Depuis quelques mois, nous avons effectivement l'impression qu'une nouvelle étape a été franchie dans l'explosion de la violence à l'égard des élus locaux. Ce sentiment est notamment dû au fait que, le lundi 3 juillet, au moment des émeutes qui ont vu se multiplier les agressions à l'encontre des élus ou de leur famille, l'AMF a appelé à un rassemblement républicain. Les élus du Rassemblement National y ont bien évidemment participé, pour plusieurs raisons.
Tout d'abord, par solidarité avec les victimes. Ensuite, pour alerter le Gouvernement, qui reste relativement passif face à ce fléau et qui s'est donné bonne conscience en annonçant un petit plan de 5 millions d'euros. Enfin, par amitié avec nos collègues élus ou militants du Rassemblement National, agressés de trop nombreuses fois en exerçant leur mission ou en contribuant à l'expression démocratique de notre pays. Et cela, dans l'indifférence générale, voire coupable, de l'immense majorité des élus non RN. Permettez-moi d'adresser un soutien amical à Muriel Di Rezze, conseillère régionale Grand Est, aux collaborateurs du groupe RN au conseil régional Provence-Alpes-Côte d'Azur (Paca), à Albin Freychet, conseiller régional de Nouvelle-Aquitaine, ou encore à notre collaborateur, Pierre Lecamus.

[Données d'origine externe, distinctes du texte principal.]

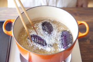 揚げ油を170度に熱し、なすを皮目を下にして入れる。途中上下を返して2〜3分揚げ、なすが柔らかくなったら、つゆの入った鍋に加えておく。

Aux agressions s'ajoutent de très nombreuses informations qui auraient dû, depuis bien longtemps, alerter le Gouvernement et aboutir à l'adoption, en urgence, d'un texte visant à protéger les élus, leurs familles, les candidats aux élections et les anciens élus. J'en veux pour preuve le rapport sénatorial de 2019 de Philippe Bas selon lequel, sur les 3 812 élus participant à son enquête, 92 % avaient déjà subi des incivilités, injures, menaces ou agressions physiques. Je fais aussi référence à l'enquête publiée en mars 2021 par l'Association des maires d'Île-de-France intitulée « Violences contre les élus locaux » qui montrait qu'à la suite de la promulgation de la loi « engagement et proximité » de 2019, qui avait pourtant annoncé un renforcement de la protection fonctionnelle des élus locaux, seulement 6 % d'entre eux estimaient cette protection suffisante.

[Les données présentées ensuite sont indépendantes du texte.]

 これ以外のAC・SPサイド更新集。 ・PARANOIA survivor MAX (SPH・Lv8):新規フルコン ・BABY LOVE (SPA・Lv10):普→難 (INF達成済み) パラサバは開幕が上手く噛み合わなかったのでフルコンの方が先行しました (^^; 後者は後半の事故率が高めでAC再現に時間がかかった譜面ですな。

Par ailleurs, comment ne pas évoquer les très nombreux ouvrages publiés en 2020 par des maires qui exprimaient leur désarroi et leur sentiment d'abandon au quotidien ? En outre, les chiffres du ministère de l'intérieur sont alarmants : en 2023, 2 300 atteintes aux élus ont été enregistrées, soit une hausse de 15 % par rapport à 2022. Cette situation d'ensauvagement n'épargne absolument pas les communes rurales : dans mon département de Gironde, des élus d'Yvrac ou de Rions ont été victimes d'agression. Enfin, l'AMF déplore la démission d'environ quarante maires par mois, soit dix de plus que lors de la mandature 2014-2020. Toujours en Gironde, plus d'une vingtaine d'élections partielles ont déjà été organisées depuis le début du mandat, après de multiples démissions.
Face à cette situation dramatique, il est normal que deux tiers des Français indiquent qu'ils pourraient renoncer à se présenter à une élection en raison d'une crainte pour leur sécurité ou celle de leur famille, tout comme l'on peut comprendre que 55 % des maires actuels, selon l'AMF, envisagent de ne pas se représenter en 2026. Ces chiffres risquent incontestablement d'affaiblir encore davantage notre République, qui avait vu 106 communes sans candidats aux municipales en 2020, contre 62 en 2014. Enfin, 64 % des citoyens estiment que la sécurité des élus locaux n'est pas assurée.
Il était donc plus qu'urgent de se réveiller ! Cette proposition de loi, bien qu'insuffisante, va dans le bon sens. En effet, elle satisfera les 81 % de Français favorables au renforcement des sanctions pénales pour les auteurs de violences faites aux élus, et même les 57 % des sympathisants de La France insoumise qui se disent favorables aux mesures de protection des élus. Ceux-ci seront sûrement déçus de voir que leurs parlementaires sont profondément déconnectés des réalités, capables de multiplier les amendements visant à alléger les sanctions, fustigeant une surenchère pénale imaginaire et alimentant ainsi le laxisme judiciaire, moteur de l'ensauvagement de notre société.